[Collected data entries]

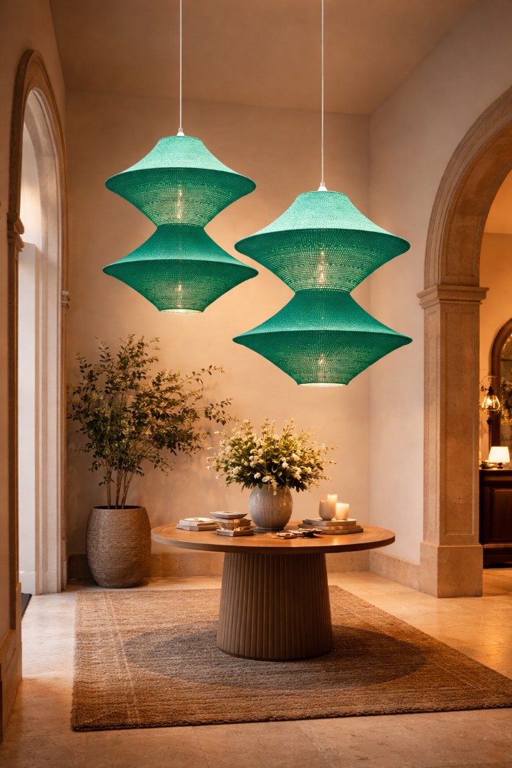 Созданный вручную с использованием пряжи и крючка, он олицетворяет искусство и тепло ручной работы. Светильники из коллекции "Восточная Звезда" мягко рассеивают свет, формируя изящные световые узоры.
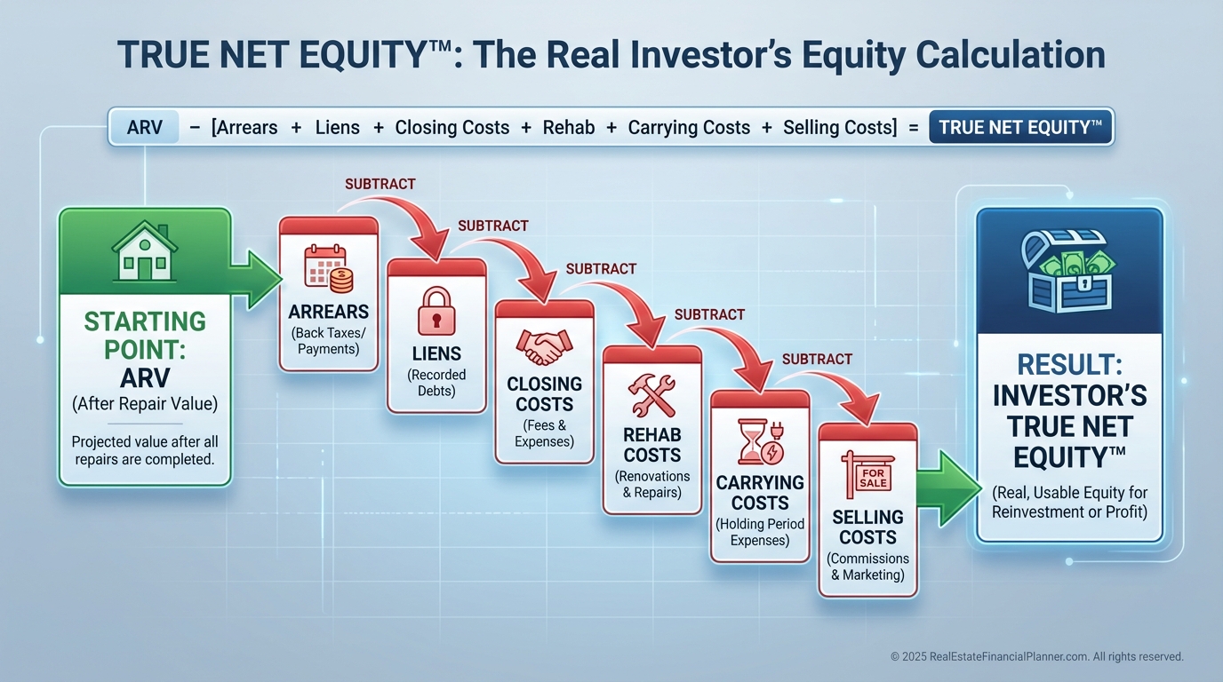 True Net Equity™ is what remains after purchase credits, arrears, closing costs, fees, repairs, and selling costs if you needed to exit.
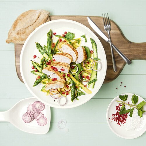 Probieren Sie mal diese knackig-frische Salatvariante mit grünem Spargel und süßen Erdbeeren, die auf dem Teller auch noch ungeheuer gut aussieht.
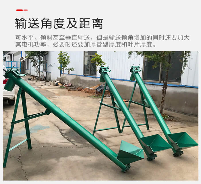 螺旋給料機可以水平、傾斜甚至垂(chuí)直(zhí)輸送,但是輸送(sòng)傾角增加的同時還要加大其電機功率,必(bì)要時還要加厚管壁厚度(dù)和葉片厚度。
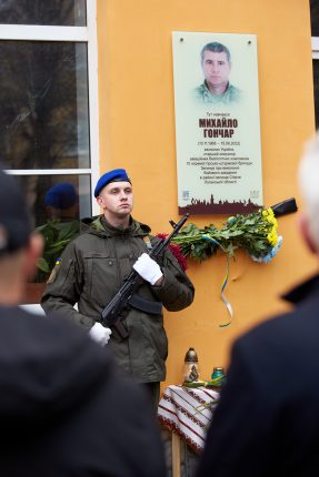 У день народження Героя на фасаді ліцею №7, де вчився Михайло Гончар, відкрили анотаційну дошку. Сюди прийшли рідні, близькі та друзі захисника.
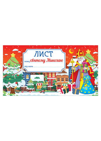 6 грудня Україна святкує День святого Миколая- це улюблене свято не тільки для усієї малечі, а й для дорослих. Кожен, прокинувшись вранці мріє знайти під подушкою бажаний подарунок. Та щоб святий Миколай завітав саме до твоєї домівки й винагородив тебе за усі добрі справи, необхідно написати йому листа. Тож хутчіше бери цей яскравий лист і заповни по готовому шаблону розділи: «Мене звати…» «Цього року я зробив багато добрих справ…», «Мені дуже подобається займатися..» «Наступного року я хочу навчитися…» Я дуже хочу отримати в подарунок…» Готовий лист, з легкістю перетворюємо у зручний святковий конверт і розміщуємо на видному місці й… очікуємо подарунок, на який заслуговуємо. Святковий конверт-лист надрукований на цупкому якісному картоні. Має ламіноване покриття, з блискітками на лицьовій стороні. На внутрішній стороні конверту – лист святому Миколаю. Формат: 20х10,5 см. У розгорнутому вигляді - А4 формат (29х20 см).

**TASK TO CARRY OUT**. Your answer should reproduce every line of the data verbatim and include no images.

**ANSWER TO THIS TASK**.
 Созданный вручную с использованием пряжи и крючка, он олицетворяет искусство и тепло ручной работы. Светильники из коллекции "Восточная Звезда" мягко рассеивают свет, формируя изящные световые узоры.
 True Net Equity™ is what remains after purchase credits, arrears, closing costs, fees, repairs, and selling costs if you needed to exit.
 Probieren Sie mal diese knackig-frische Salatvariante mit grünem Spargel und süßen Erdbeeren, die auf dem Teller auch noch ungeheuer gut aussieht.
 螺旋給料機可以水平、傾斜甚至垂(chuí)直(zhí)輸送,但是輸送(sòng)傾角增加的同時還要加大其電機功率,必(bì)要時還要加厚管壁厚度(dù)和葉片厚度。
 У день народження Героя на фасаді ліцею №7, де вчився Михайло Гончар, відкрили анотаційну дошку. Сюди прийшли рідні, близькі та друзі захисника.
 6 грудня Україна святкує День святого Миколая- це улюблене свято не тільки для усієї малечі, а й для дорослих. Кожен, прокинувшись вранці мріє знайти під подушкою бажаний подарунок. Та щоб святий Миколай завітав саме до твоєї домівки й винагородив тебе за усі добрі справи, необхідно написати йому листа. Тож хутчіше бери цей яскравий лист і заповни по готовому шаблону розділи: «Мене звати…» «Цього року я зробив багато добрих справ…», «Мені дуже подобається займатися..» «Наступного року я хочу навчитися…» Я дуже хочу отримати в подарунок…» Готовий лист, з легкістю перетворюємо у зручний святковий конверт і розміщуємо на видному місці й… очікуємо подарунок, на який заслуговуємо. Святковий конверт-лист надрукований на цупкому якісному картоні. Має ламіноване покриття, з блискітками на лицьовій стороні. На внутрішній стороні конверту – лист святому Миколаю. Формат: 20х10,5 см. У розгорнутому вигляді - А4 формат (29х20 см).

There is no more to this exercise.